I compiled a list of them for wikipedia: US places. I also compile the same list for Canada, but it got deleted for reasons I don’t entirely understand (but I suspect politics). If anyone feels like getting it undeleted, feel free.

Yes, it could be named after someone in the Penn family. After all, that’s how the US state got its name.

Wikipedia lists no less than 8 California’s in various parts of Britain. I’ve never looked into how they got their names.

Wikipedia lists three New York’s in Britain. I always assumed they were named after York, but apparently one was not.

There were actually three Philadelphia’s in the classic world. The other two, which includes the one mentioned in the Bible, were in Anatolia.

There’s a former coal mining village in central Scotland called California. No one seems sure of the reason, but the name seems to date from the time of the California Gold Rush.

Similarly a district of Ipswich has the same name, and for the same reason:

There is a village near where a grew up in Berkshire England called California. According to Wikipedia it got its name from an old brickworks, but surely the name must of at least indirectly come from the American state.

That’s the only area I can think of that I know which is named after a place in the US in South East England. I know Berkshire, Oxfordshire, Hampshire, Kent and London well enough to know most of the obscure place names. Obscure place names in England can be pretty ridiculous, but they’re usually ancient in origin.

There is also Texas, close to Hamelin
in Lower Saxony Germany.

According to the German Wikipedia, that’s one of four Texases (Texes?) in Germany. Two of these have their own Wikipedia articles; one says the place is definitely named after the American Texas, and the other says that it’s uncertain but probable that it’s named after the American Texas.

Were they? All the ones I can think of in the UK were based on existing place names. They’re nearly always named after previous settlements in the area, often names that had existed since before the second millennium - Telford was named after a person, though, so there might be other exceptions. There could be some outside the UK, of course. Though “getting city rights” sounds like a very American concept.

Which places are you thinking of?

It’s a good question, given how long the US has been established, but I guess all the places that could be settled and named in Europe were already settled by even a small population, and they clung on to the name.

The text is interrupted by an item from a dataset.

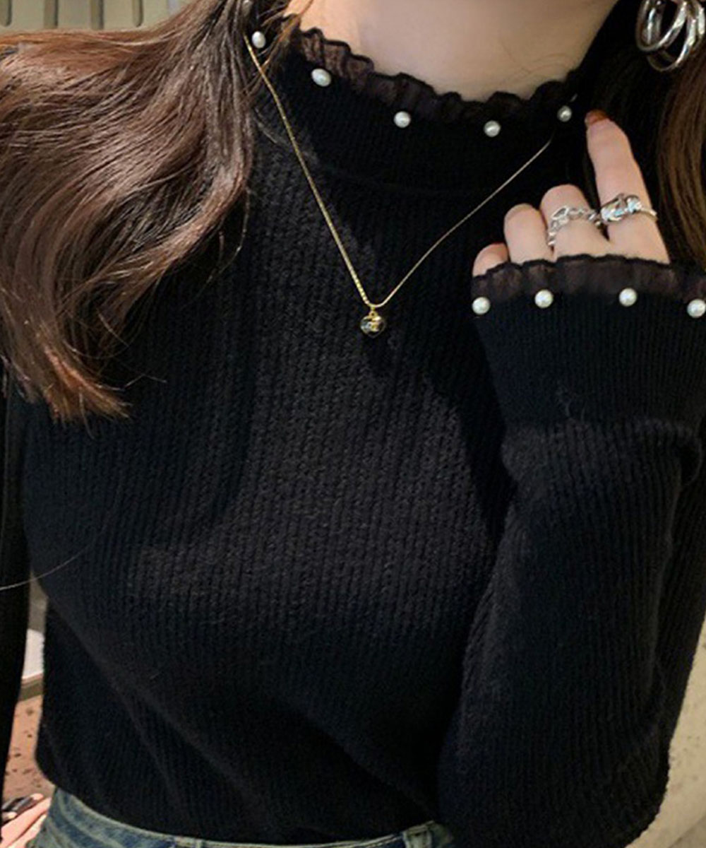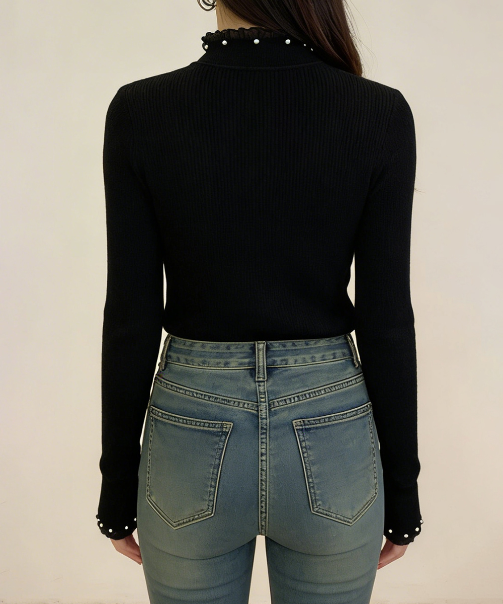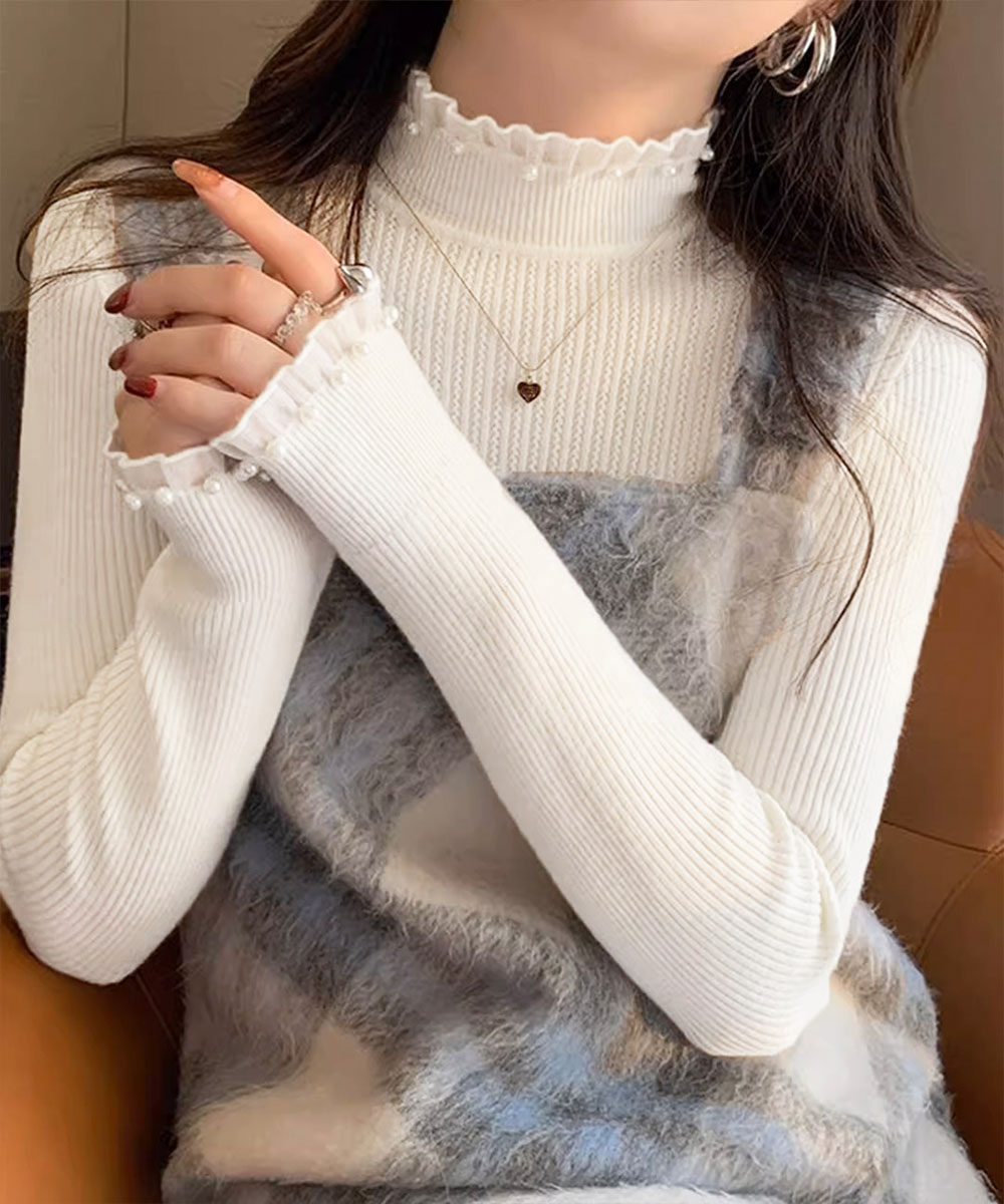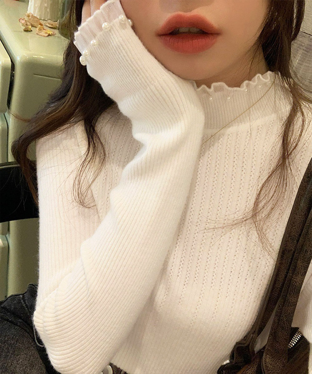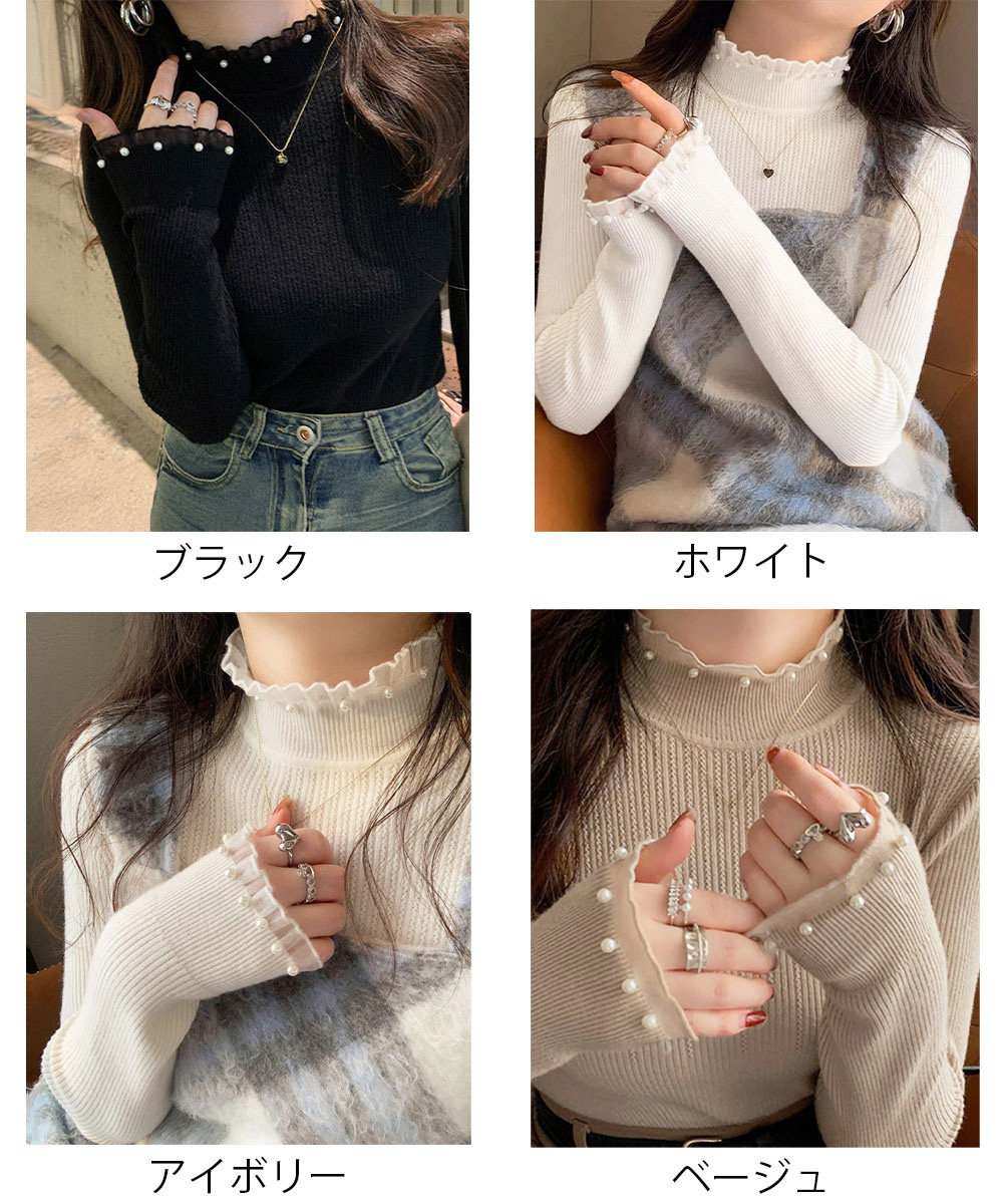 メロウフリルニットトップス レディース 大人上品 パールディテールニットインナー フェミニン ストレッチニット肌触り良い 柔らかいニットソー 韓国風セーター無地 プルオーバーニット パールをあしらったフェミニンな印象のリブニットトップス。 首元と袖口のメロウフリルデザインが、さりげなく女性らしさを引き立てる。 柔らかく伸縮性のある素材で、フィット感がありながらも快適な着心地。 スカートやデニムはもちろん、ジャンスカやジャケットのインナーとしてもおすすめ。 素材:ポリエステル75%+アクリル25% カラー:ブラック/ホワイト/アイボリー/ベージュ サイズ:ワンサイズ 着丈:約57cm 肩幅:約27cm 袖丈:約54cm ゆき:約67.5cm 身幅:約33cm 胸囲:約66-120cm 裏地:なし 伸縮性:あり 透け感:淡色のみ若干あり ※ニット素材の為、伸縮具合によっては編みに隙間を感じる場合があります。

The only areas that might have got rid of residents wholesale, ignored history and imposed new names would have been in the former Soviet bloc.

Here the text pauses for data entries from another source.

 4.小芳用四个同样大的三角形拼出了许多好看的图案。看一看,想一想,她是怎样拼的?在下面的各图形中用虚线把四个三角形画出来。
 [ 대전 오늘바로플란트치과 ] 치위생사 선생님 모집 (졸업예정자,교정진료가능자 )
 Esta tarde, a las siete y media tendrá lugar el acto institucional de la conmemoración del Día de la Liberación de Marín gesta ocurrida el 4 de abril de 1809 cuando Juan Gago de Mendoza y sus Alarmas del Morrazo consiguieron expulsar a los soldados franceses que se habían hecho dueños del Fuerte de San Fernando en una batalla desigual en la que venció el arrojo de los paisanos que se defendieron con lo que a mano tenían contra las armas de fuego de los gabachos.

I think the name “California” has been around longer than the 31st American state. It was the mythical name of a mythical island populated by Amazon-like female warriors. So, as with Philadelphia, non-American places named California may be named directly from earlier sources (as the state of California apparently was).

The British equivalent to “getting city rights” is “getting city status”, which is performed by means of a royal charter or letters patent, i.e., a document issued by the monarch. Of course, under British constitutional conventions, the monarch would only issue such a document on the advice of cabinet ministers (the Home Secretary, in this case), so city status is effectively granted by the government. My understanding is that city status to a settlement that previously was a town is honorific in the UK; it does not give that place additional rights of self-administration compared to the previous town status, other than the right to style itself as a “city”. Quite generally, I think it’s fair to say that the system of local governance in the UK is a complete mess because it gets periodically reformed.

City status doesn’t confer any actual rights, though, and it’s only for long-established settlements - what, five of them this century? Less? It’s not like the way we change municipal boundaries to make a unitary authoritary or whatever.

And there’s no renaming of the place except that Slough, bizarrely, thought that Slough-Upon-Thames would sound more classy rather than like a description of the way the water looks at a sewage outlet.

Here in Melbourne Australia we have a suburb called Brooklyn which I believe is named after the New York borough.

We also have a suburb called Dallas but that’s named after Dallas Brooks who was neither a place nor an American.